Se llaman Mia y Farah, son perras pastores belga cruzadas con malinois y juegan en el césped con un botellín vacío o piden comida a su dueño como haría cualquier otra mascota tras horas de viaje en un camión.
Pero el juego se convierte en una tarea de vida y muerte momentos más tarde: empiezan a buscar a supervivientes entre las ruinas de Antioquía, una de las ciudades más afectadas por el terremoto que asoló el sureste de Turquía el lunes pasado.
«Los perros aprenden a buscar a personas atrapadas entre los escombros a través del juego, para ellos no es muy distinto a buscar un palito», comenta a EFE una integrante del equipo de Ericam, el servicio de Emergencias y Respuesta Inmediata de la Comunidad de Madrid, que lleva desde el martes en la zona.
Los primeros días, el grupo, compuesto por cuatro perros y sus respectivos dueños – cada animal va con una persona – y una veintena de bomberos especialistas en detectar rastros de supervivientes, amén de varios sanitarios, trabajaba en la ciudad de Alejandreta, que también ha sufrido numerosos derrumbes.
Allí consiguieron rescatar el miércoles a un hombre atrapado entre las paredes de un edificio durante más de 48 horas, tras detectar sus llamadas de socorro.
Costó muchas horas alcanzarlo, porque entre suelo y techo de cada planta apenas quedaba espacio y hubo que taladrar agujeros de piso en piso para ir subiendo desde abajo, cuentan los bomberos.
Saber dónde buscar es importante, y normalmente son los propios vecinos del lugar quienes alertan al equipo asegurando que han escuchado voces en alguna ruina.

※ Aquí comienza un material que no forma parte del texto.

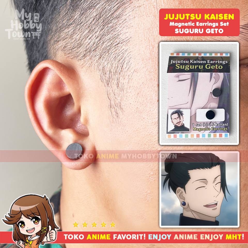 Detail Anting Cosplay Geto Suguru Anime Jujutsu Kaisen Earrings Magnet Black Hitam
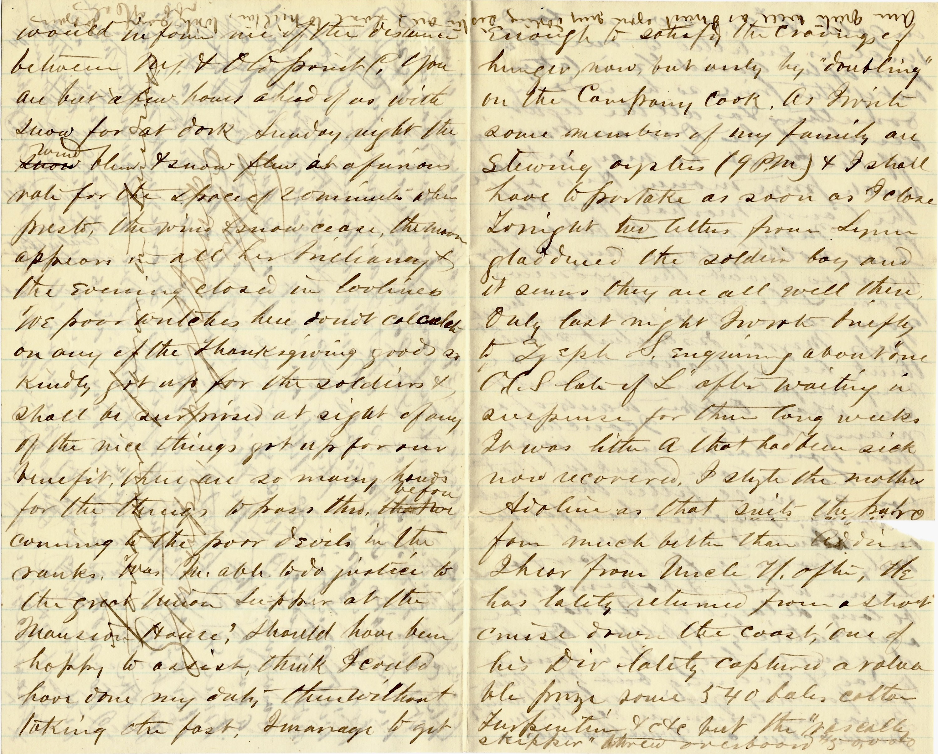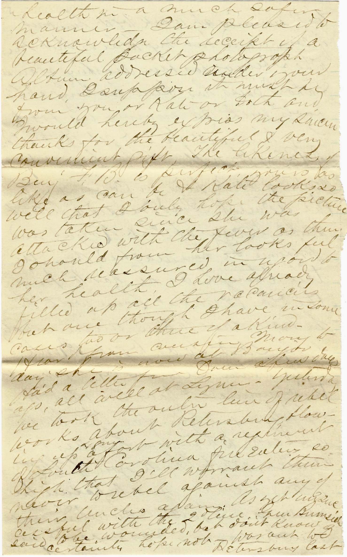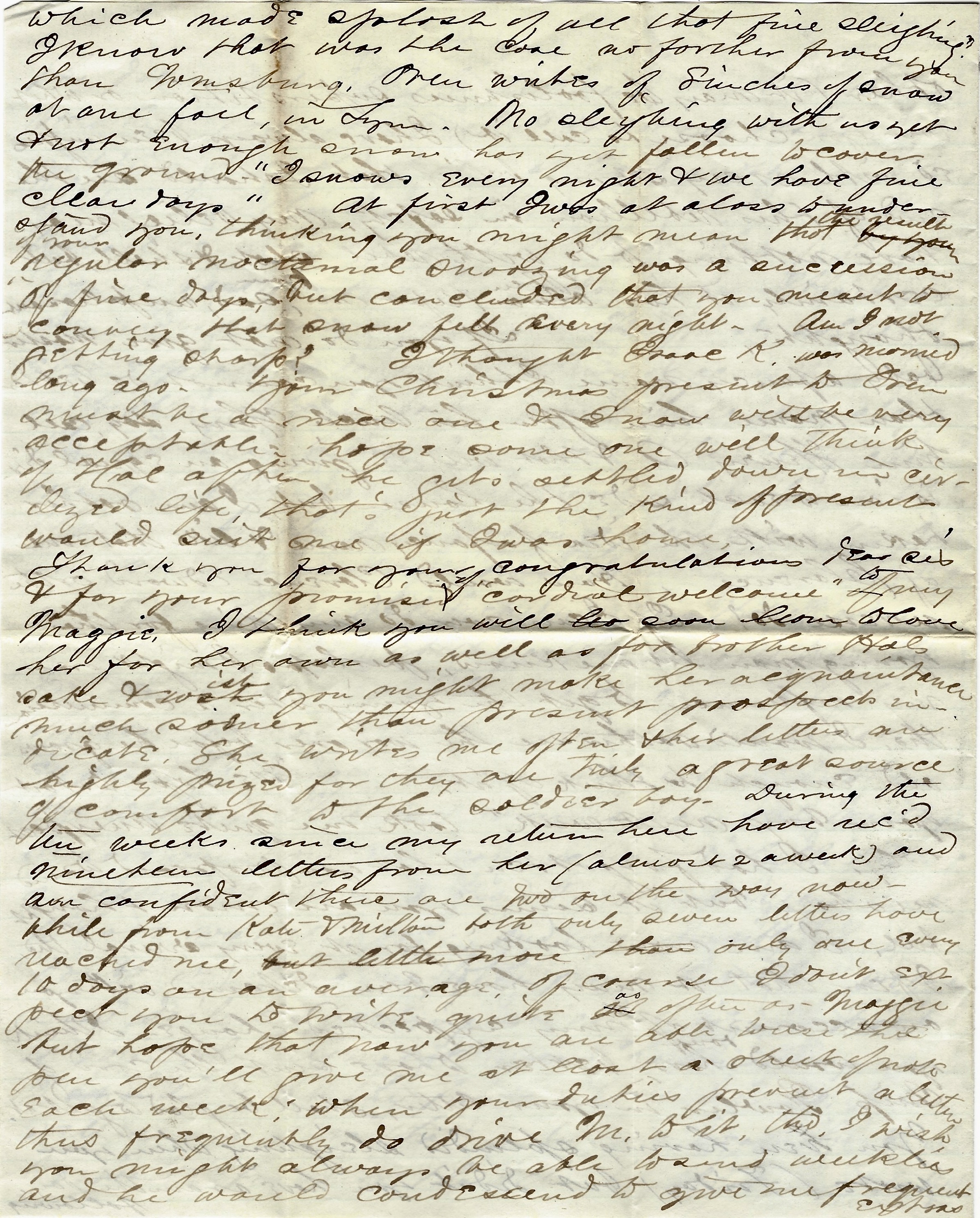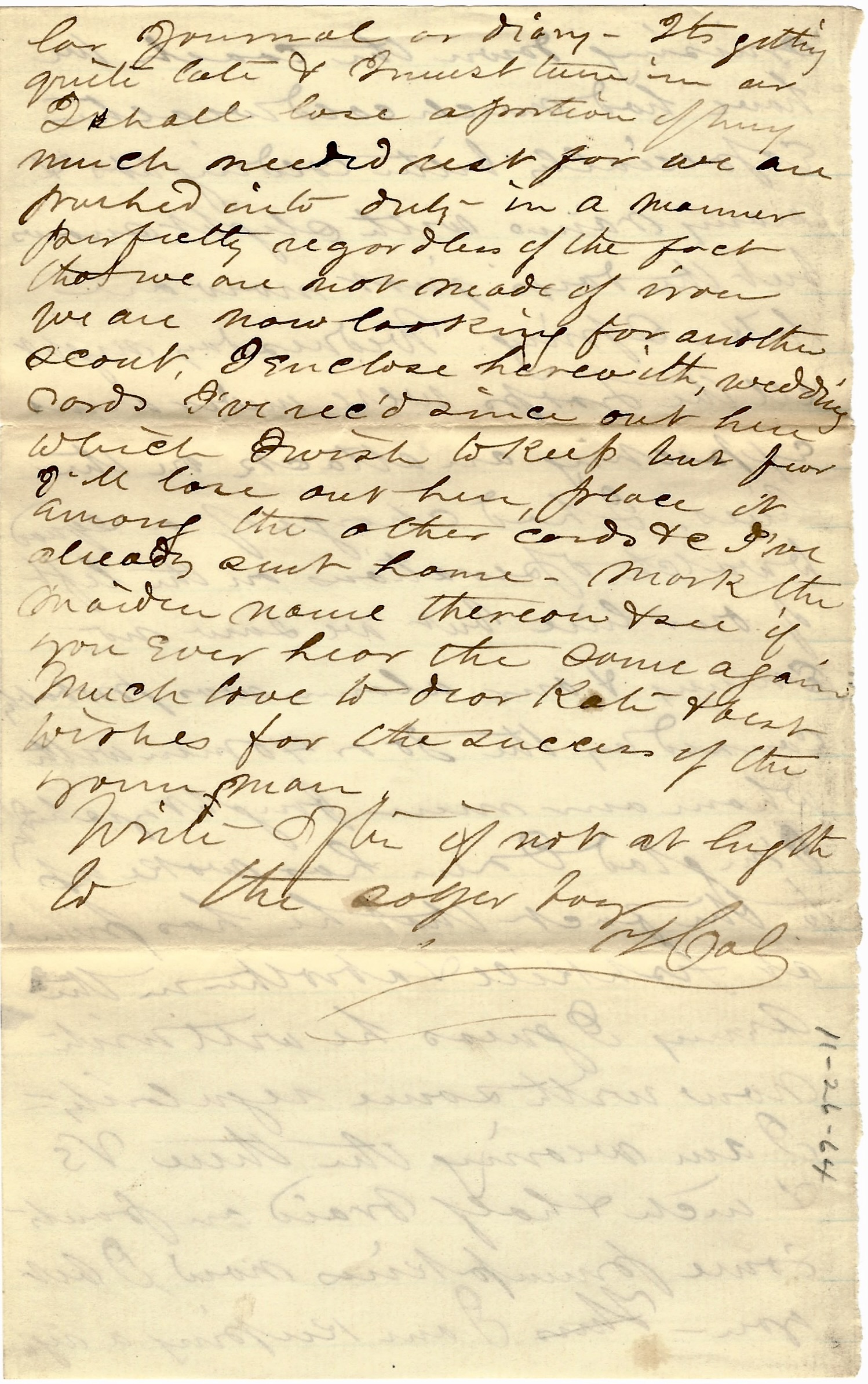Yours mailed the 23rd inst. was tonight received. I have just returned to camp from a four days picket & consequently did not get the letter as soon as it came for I left word not to have my mail sent out to me. I wrote you a few days since just to let you know that I was well; my wrist was then quite lame but is now well. I do not know how I lamed it unless I caught cold in it sleeping on the cold ground. You propose sending a box & ask what I am in want of. I would like a dog [?] hooks & eyes and if not too much trouble, to get an oiled silk havelock. Another thing I would like & that is some molasses. Can you put some up in a little jug or something tight? I have seen it sent that way quite safely by being packed in the centre of the box.

«En primer lugar hacemos una inspección nosotros mismos, llamamos y damos golpes para ver si hay respuesta. Hasta unos tres metros de profundidad podemos percibir ruidos. Si no detectamos nada, vienen los perros, ellos están entrenados para percibir el olor de una persona viva hasta a siete metros. Y si tampoco da resultado, colocamos los geófonos, unos sensores de alta precisión», comenta a Efe David Barderas, un miembro del equipo.
Los perros están entrenados para reaccionar solo a olores de personas vivas; no hacen caso de los cadáveres, explica, y el equipo tampoco se dedica a recuperar a los muertos; solo importan los vivos.
En Antioquía, este viernes, las esperanzas son escasas, pero aún hay posibilidades, ya que las bajas temperaturas, alrededor de cero grados, se ven atemperadas por las capas de escombros y el frío hace que el cuerpo de una persona se deshidrate menos rápido, explica Kike Arribas, otro bombero del Ericam.
Pero el trabajo entre las ruinas de Antioquía se presenta más difícil que de costumbre, ya que la extensión del desastre es enorme: son manzanas enteras que han quedado reducidas a escombros.
En todas partes hay ya maquinaria pesada trabajando para quitar bloques de hormigón y liberar al menos una parte de las calles, completamente cubiertas de cascotes y coches aplastados por los edificios caídos.
El ruido de las excavadoras, junto al de las numerosas ambulancias abriéndose paso entre el tráfico de camiones y coches de rescate, además de algún generador, complica enormemente escuchar llamadas de algún superviviente.
Y ante cada montaña de escombros hay vecinos que se calientan con una fogata, en una especie de vigilia del lugar donde perdieron a sus seres queridos.
«Vengan aquí, por favor, aquí», gritan al paso del equipo español, pero es imposible atender a todos en este campo de ruinas.
Mía y Farah saltan sobre las placas de hormigón, olfatean entre los hierros torcidos y finalmente se meten en un agujero que ha quedado abierto, pero salen al rato sin resultado.
Dos bomberos se adentran reptando entre las placas y llaman numerosas veces, registrando vibraciones en sus sensores, pero tampoco parece haber resultado.
«Nada», es la conclusión. Hay que continuar al siguiente punto, apenas cien metros más lejos, donde alguien cree haber oído ruidos. Quizás sea cierto: la esperanza es lo último que se pierde.